Restraint and handling

Optimal patient positioning is important for successful venipuncture 22, and some chelonians may require sedation in order to exteriorize the legs, tail or head for blood sampling.19 Ketamine (2-5 mg/kg IM), alfaxalone (5-10 mg/kg IM), alpha-2 agonists, like dexmedetomidine (0.025-0.05 mg/kg IM), can be used to chemically restrain the patient.16

 

 

Sample handling

A high quality blood sample is needed for precise examination and diagnosis.1 Poor quality blood data can be useless or even misleading.22 The presence of blood clots, hemolysis, excessive anticoagulant, and hemodilution of the sample with lymph or extravascular fluid can all alter the diagnostic value of test results.1,5,6,12,17,19,21

The blood of some chelonians can clot very quickly, so obtain all blood samples as quickly as possible. Chelonian erythrocytes are also one of the largest of all vertebrates and the use of very small needles can lead to hemolysis (Fig 3).19 Select the largest needle size appropriate for your individual patient and always apply gentle negative pressure as too much suction increases the risk of damaging the large chelonian erythrocyte.19 To reduce the risk of lysing large, fragile chelonian erythrocytes, also be sure to remove the needle hub from the syringe before transferring blood to the blood collection tube or preparing the blood film (Fig 4).7,17,22

Visit “General Principles of Reptile Venipuncture” for additional advice on preparation, sample handling, and recommended sample volume.

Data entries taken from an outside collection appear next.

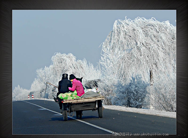 腊月里来北风刮,千树万树都带“挂”。夫妻驾车跑得快,不知动力它是啥?:D 。很有生活气息的拍摄。欣赏。
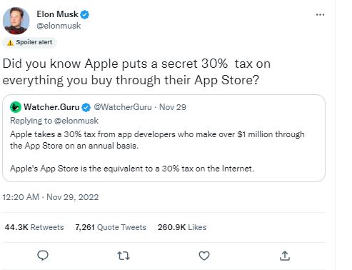 बता दें कि कुछ दिनों पहले Elon Musk ने अपने आधिकारिक ट्विटर हैंडल पर एक पोस्ट डाला था, जिसमें उन्होंने 30% टैक्स की निंदा की थी। इसके बाद खबर आई थी की ऐपल अपने ऐप स्टोर से Twitter ऐप से हटाने की बात कही थी।
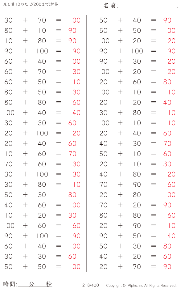 上記のボタンから「足し算10のたば(200まで)」の算数数学ドリル・計算ドリル(PDFプリント)がダウンロードできます。個人利用は無料です(家庭以外での配布は有料です)。
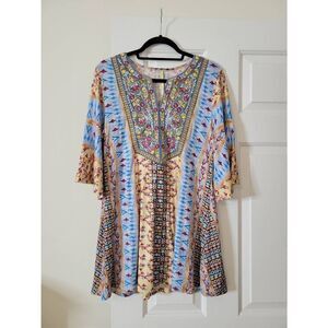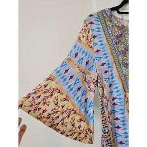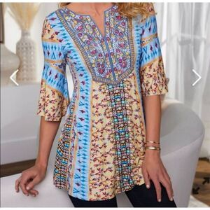 Soft Surrounding Fifi Embroidered Floral Tunic Top Colorful Bell Sleeve S

Chelonian erythrocytes are one of the largest of all vertebrates. For instance, the largest diameter of the Greek tortoise (Testudo graeca) erythrocyte measures 18.05 μm.4b Compare this to mammalian red blood cells, which often measure between 7 to 8 μm.

Figure 3. Chelonian erythrocytes are one of the largest of all vertebrates. For instance, the largest diameter of the Greek tortoise (Testudo graeca) erythrocyte measures 18.05 μm.4b Compare this to mammalian red blood cells, which often measure between 7 to 8 μm.25 Photo credit:  John Alan Elson via Wikimedia Commons. Click image to enlarge.

 

Remove the needle hub from the syringe before transferring blood to the anticoagulant tube to reduce the risk of hemolysis of large, fragile chelonian erythrocytes.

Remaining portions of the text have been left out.